Surprised and staring down, Carlos began to transform. Allison got out her camera as quickly as she could to document the event. I suspected a few details of the transformation at this point.

I watched as the ears flowed out from the top of his head, even if it was challenging to point to the moment when they actually emerged from him. Harder still was tracking the tail as it sprouted and arched behind him. While he…becoming she…didn’t have the most remarkable figure out of the group, she was still lovely to see as her clothes transitioned into a flowing outfit more like a robe.

Before I embarrassed myself about calling it that, Allison chirped up that it was a kimono. It suited her well. It was simple but nice and it prompted Allison to take as much video as her phone was able to.

The most striking change was the sharp color of Carlos’ hair and new features. Her tail was like a jade rope dancing behind her light-lime kimono. While her hair wasn’t as sharply green, it still held on to most of that tint. The longer fringes around her neck, which swelled softly, looked closest to her previous hair tone, but with the hint of a dye job. This made her hair look especially unique.

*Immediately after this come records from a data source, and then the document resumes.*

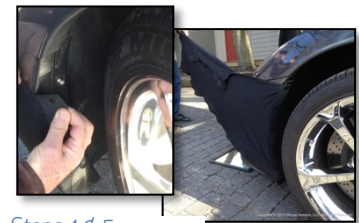
Steps 4 & 5

Open the hood. Hold the top of the mask and pull it up to the hood opening. Secure the top corners of the mask to the body frame just inside the hood opening. Remove the screws on the frame that best align with the snaps on the mask and replace with a snap head screw stud. Secure the mask by fastening the snaps on the mask to the snaps just installed.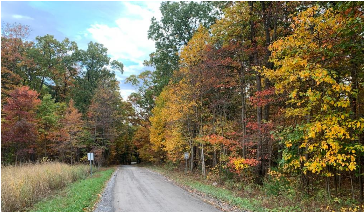
Brilliant fall foliage at Haldeman Tract, Weiser State Forest.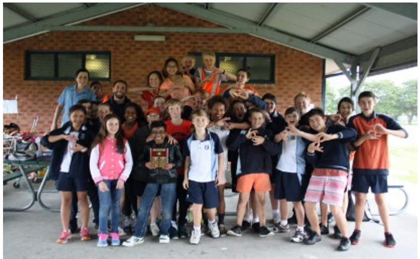
7G – INDIA – Year 7 Gala Day Champion Team!!!

Very special thanks to our Year 9 and 10 PASS students who were fantastic in their respective roles of referees and coaches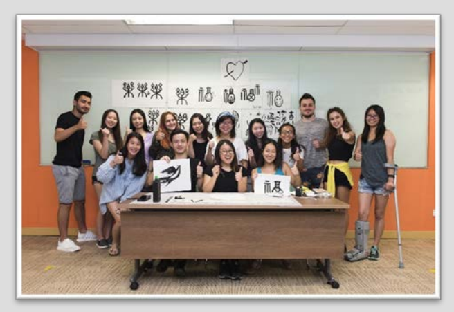
Chinese Calligraphy Class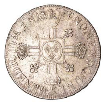
1268 Louis XIV, Écu aux huit L, 1704κ, Bordeaux, réformation, 27.31g/6h (Dup. 1551A; Gad. 224). Good very fine; traces of undertype visible

1269 Louis XV, Écu de Béarn aux lauriers, 1734, Pau, 29.19g/6h (Dup. 1675; Gad. 321a). Fine, scarce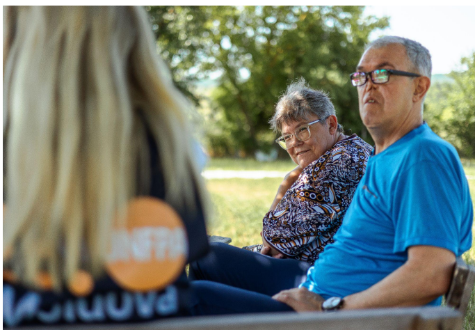
UNFPA Safe Spaces provide a lifeline to refugees with disabilities in Moldova through support and belonging.

People reached with SRH information, referrals and services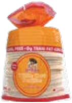
La Vikina Corn Tortilla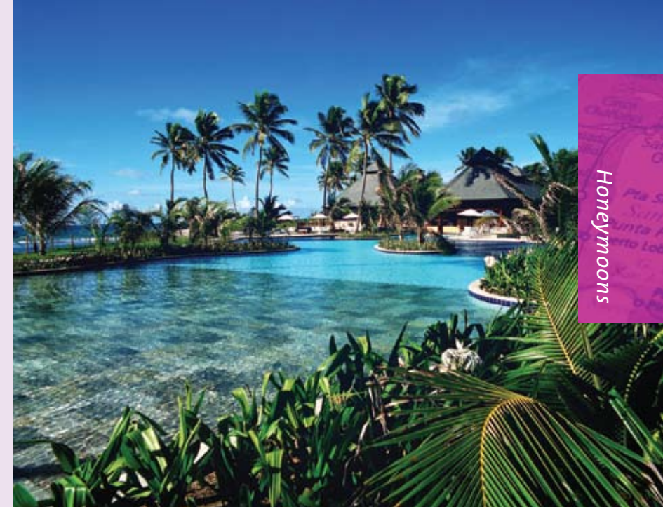
Right – Deluxe Private Bungalow, Nannai Resort

The green was heavier at her roots and ears, implying she had naturally bright-green hair and had previously tried to dye it a ‘normal’ color.

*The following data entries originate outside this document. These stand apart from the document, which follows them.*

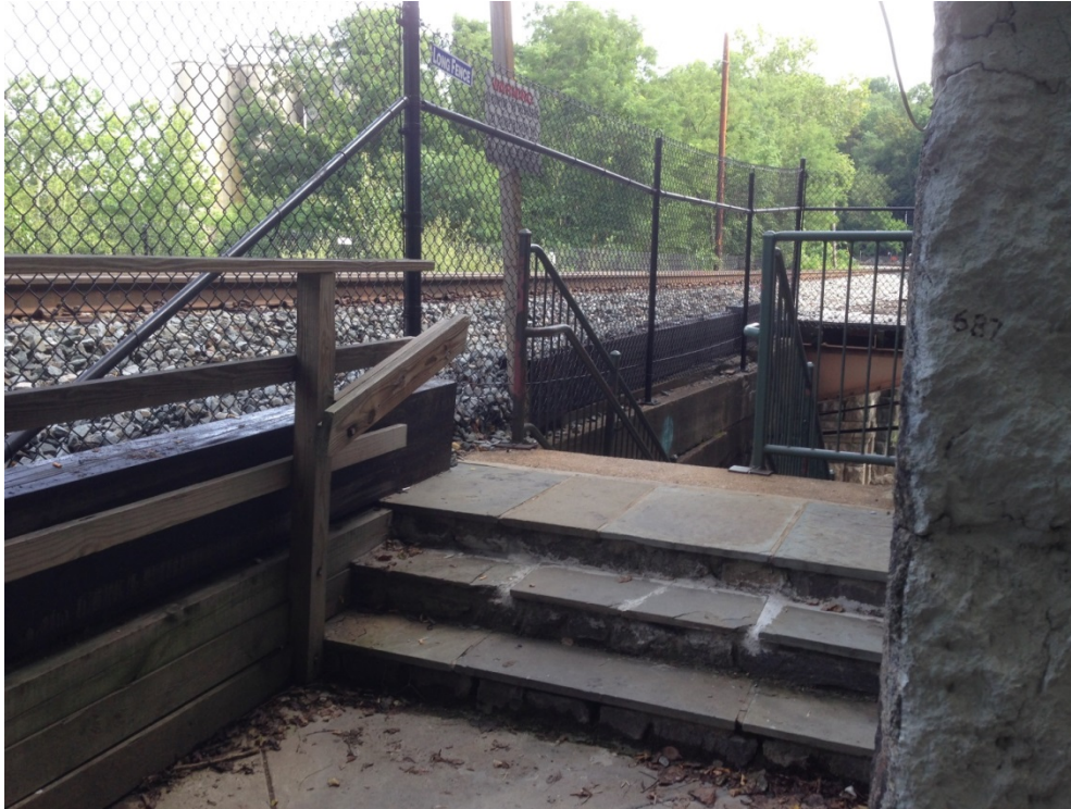
Figure 5. The chain-link fence installed along the railroad right-of-way to deter trespassing.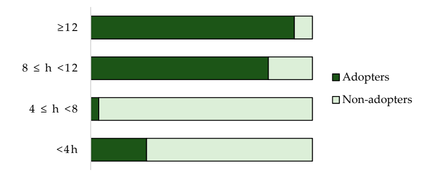
Figure 3. Percentage of PFT adopters and non-adopters per number of hours spent on information or formation activities.

Figure 3 shows that adopters are well-informed, and they spend more than eight hours/month on information and formation activities; non-adopters dedicate less than that. "Precision Farming is an information intensive activity" [106]. A farmer might opt for quick adoption if he is more likely to receive new information providing PFT. It is not easy to quantify the information intensity degree of farmers. It can be measured by considering access to information from a source (mass media or interpersonal communication such as consultants or extension services), or how often an individual receives the information within a period [83].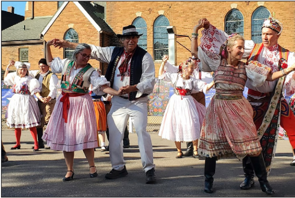
Saint Paul Czech and Slovak Folk Dancers delighted the crowds at the end of the festival.

We also thank all who attended and helped to make this event such a total success. It was truly a great day for our Czech and Slovak community, friends, and the West 7th Street area.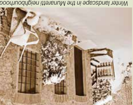
Winter landscape in the Munaretti neighbourhood

The Novegno massif towers over the Vicenza plains, from lar, into the region known as the Little Dolomites . Towards the north, their range is delimited by steep canyons descending sharply to the Posina valley, while the south watershed has a gentler gradient, with the hilly area of the Tretto Plateau and slopes, tired to a greater extent, rising to the edge of what is perhaps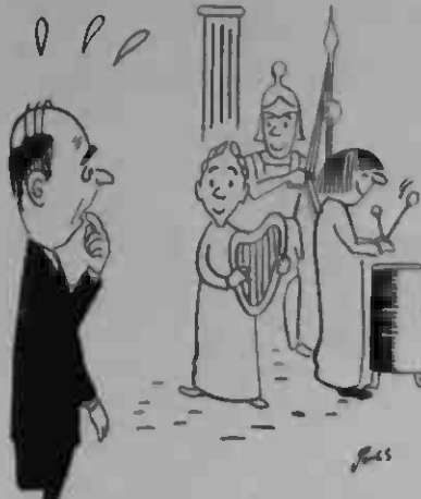
"What do you think of our new image?"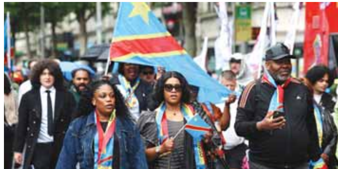
Protesters walk down O'Connell Street in central Dublin.

Video footage widely shared on social media showed Sakila being held on the ground for almost five minutes by security workers outside a department store on a busy shopping street in central Dublin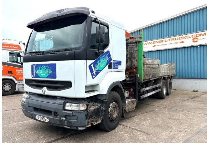
Renault Premium 385 .26G 6x2 PALFINGER / KIPPER (ME...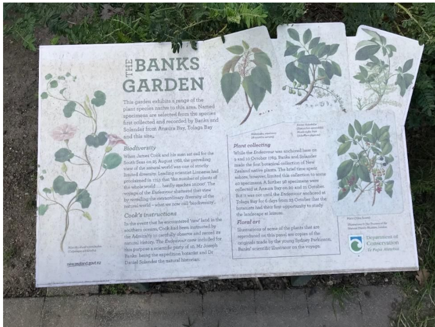
Figure 5. Interpretation panel for the Banks Garden, photo Author 1, May 2018

Banks Garden was established. 8 The Banks Garden consists of a linear garden along the edge of the historic reserve area, with living specimens of the species that were gathered and listed by Banks and Solander. An overall explanation of the garden is provided, as well as small interpretation panels for each plant (Figs 5 and 6).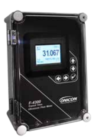
F-4300 Clamp-on Ultrasonic Flow Meter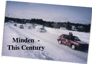
Minden - This Century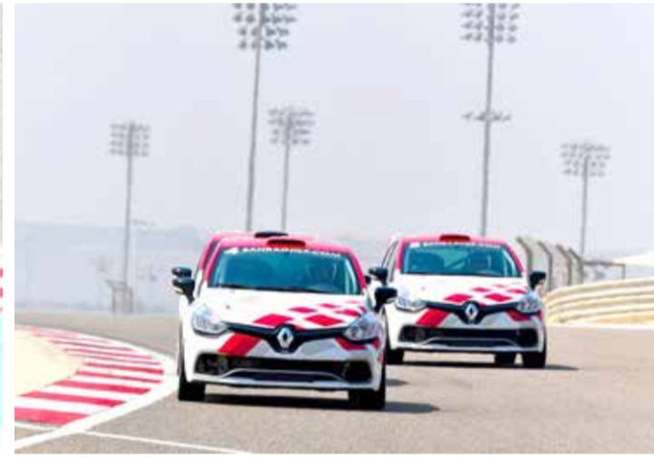
Clio Cup cars in action during Track Experiences

For Orange Media Open Track nights, booking in advance costs BD99 for the full night, BD71,500 for the half night and BD33 for a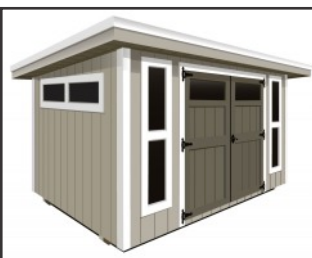
Includes (10) 35" transom windows / 6 on front, 2 on each side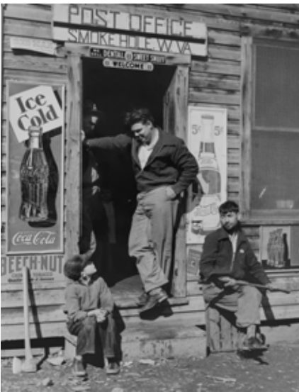
Smoke Hole, West Virginia, 1930s. Saturday afternoon in front of the Post Office.

he developed and printed his photographs. His talent began to reveal itself in photographs of Aurora community life—women quilting, men working, partying on a Saturday night, and the new Washington arrivals slaughtering and preparing pigs to feed the community.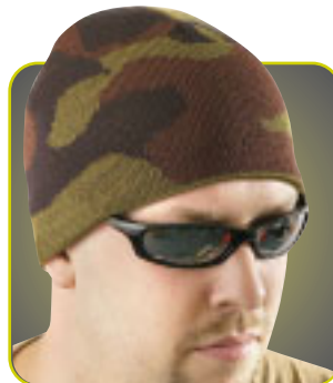
1063-CAMO 100% acrylic Beanie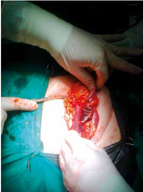
Figure 1. Intraoperative findings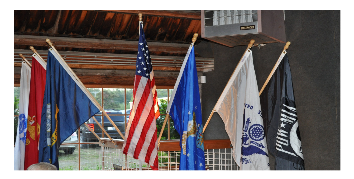
Tribute to our troops at the Memorial Dance, May 26.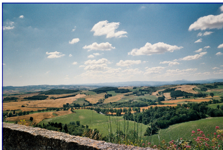
"Le Signadou," Fanjeaux, France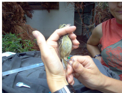
Mauritius Fody being rung before release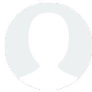
Bryan Coldwell Banker Real Estate Group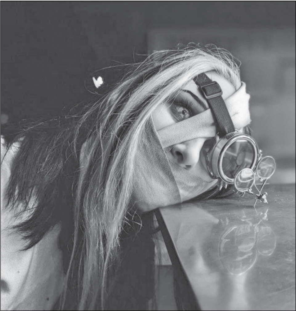
The Walk of Terror, East Troy’s scariest Halloween attraction will return to the Amusement Park on weekends for the entire month of October. For details, visit thewalkofterror.com.

Good Neighbors

It was not the sort of look I would’ve chosen for myself, but she seemed to admire it when Allison pointed her at the nearest mirror. In some way, it was more like Allison was the one who made her. I was just the facilitator. She was the one who could relay her experience and do all the other things I couldn’t really do.

That said, things weren’t finished until Allison forced me to hug Carlos with something approaching a biohazard suit, then she took a hug for herself. I never wanted to do that again and Allison spooked me with a contented “meow” before sticking out her tongue and saying, “See? It worked. You can touch without transformation!”

It was something. It was a touch, to some extent. Hug meetings were arranged for the future with me in that getup. Because Carlos (who was already pondering a new name for herself) lived so far away most of the time, Allison brainstormed about conventions and other instances for meet-ups (she toyed with a dream of an exclusive Neko Con). We exchanged a lot of information to keep in touch as Allison led Carlos off to meet the others. Before she left though, she turned back and stayed for a little while just with me.

She rubbed her soft hands against one another and inquired, “It was good today…wasn’t it?”

I was ready with a nod and an affirmation. She had her hands curled a little like paws, which didn’t really help my lingering nerves, as she asked, “And…you okay, seriously?”